Refactored SchemaUpdate: Removed local lists for columns, primary keys, and auto-increment fields.

Builder Delegation: Modified SchemaUpdate to directly maintain a Schema.Builder instance, ensuring a single source of truth for schema building and validation logic.

Enhanced Schema.Builder: Updated Schema.Builder#fromSchema to correctly adopt all members from an existing schema, including column IDs and metadata.

Added Helper API: Added Schema.Builder#getColumn(String columnName) to allow checking for existing columns within the builder's state.

Tests

Verified the fix by running TableSchemaTest and SchemaUpdateTest to ensure the delegation logic handles schema evolution correctly without IllegalStateException.

Performed a full test suite execution for the fluss-common module: mvn test -pl fluss-common.

Results: 1,491 tests run, 0 failures.

API and Format

This change adds a public helper method getColumn(String columnName) to the Schema.Builder API.

It does not affect the storage format.

Documentation

This change does not introduce a new feature; it is a refactoring of existing internal logic.

wuchong

@Prajwal-banakar thanks for the contribution. The new code looks much clear now. I only left a minor comment.

@loserwang1024 could you have another look?

wuchong · 2026-01-21T10:03:49Z

fluss-common/src/main/java/org/apache/fluss/metadata/Schema.java

+            // 1. Clear current builder state
+            this.columns.clear();
+            this.autoIncrementColumnNames.clear();
+            this.primaryKey = null;


I think it's better make sure the fromSchema is the first API to be called on the builder, rather than silently dropping previous columns. Otherwise, it's hard to debug the problem. You can validate all the members should be empty.

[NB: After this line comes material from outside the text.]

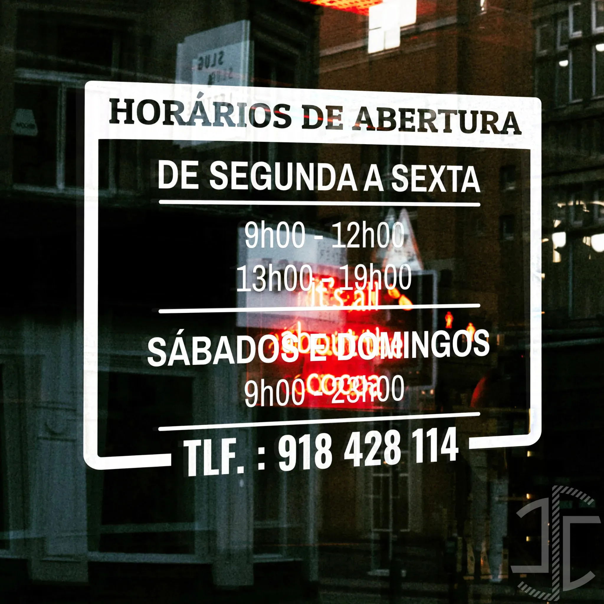 Dê ao seu estabelecimento uma identidade visual forte e direta com este vinil de horário. O seu design de inspiração industrial e a tipografia de stencil transmitem uma imagem de autenticidade e confiança, ideal para negócios com personalidade, como bares, estúdios de tatuagem, barbearias ou oficinas. A informação é apresentada de forma clara e imediata, garantindo que os seus clientes sabem exatamente quando o encontrar. Totalmente personalizável, este autocolante adapta-se perfeitamente às suas necessidades. Para uma solução mais duradoura e prática, recomendamos a produção em formato espelho (invertido), que permite a aplicação pelo interior da montra. Assim, o seu horário fica protegido das intempéries e do desgaste diário, mantendo um aspeto impecável por muito mais tempo.

wuchong · 2026-01-21T10:11:30Z

fluss-server/src/main/java/org/apache/fluss/server/coordinator/SchemaUpdate.java

 /** Schema update. */
 public class SchemaUpdate {

-    /** Apply schema changes to the given table info and return the updated schema. */


Keep the original javadoc?

Prajwal-banakar · 2026-01-21T18:43:38Z

Hi @wuchong I have addressed the feedback:

Added checkState validation in Schema.Builder#fromSchema.
Restored the original Javadoc in SchemaUpdate.

I am seeing different failures in the CI (CommitRemoteLogManifestITCase in the first run and TableChangeWatcherTest in the second). I've verified these tests locally and they pass consistently. It seems the CI environment is experiencing some flakiness unrelated to this refactor.
All core metadata tests in fluss-common and fluss-server passed perfectly. Could you please trigger a manual re-run or review the logic?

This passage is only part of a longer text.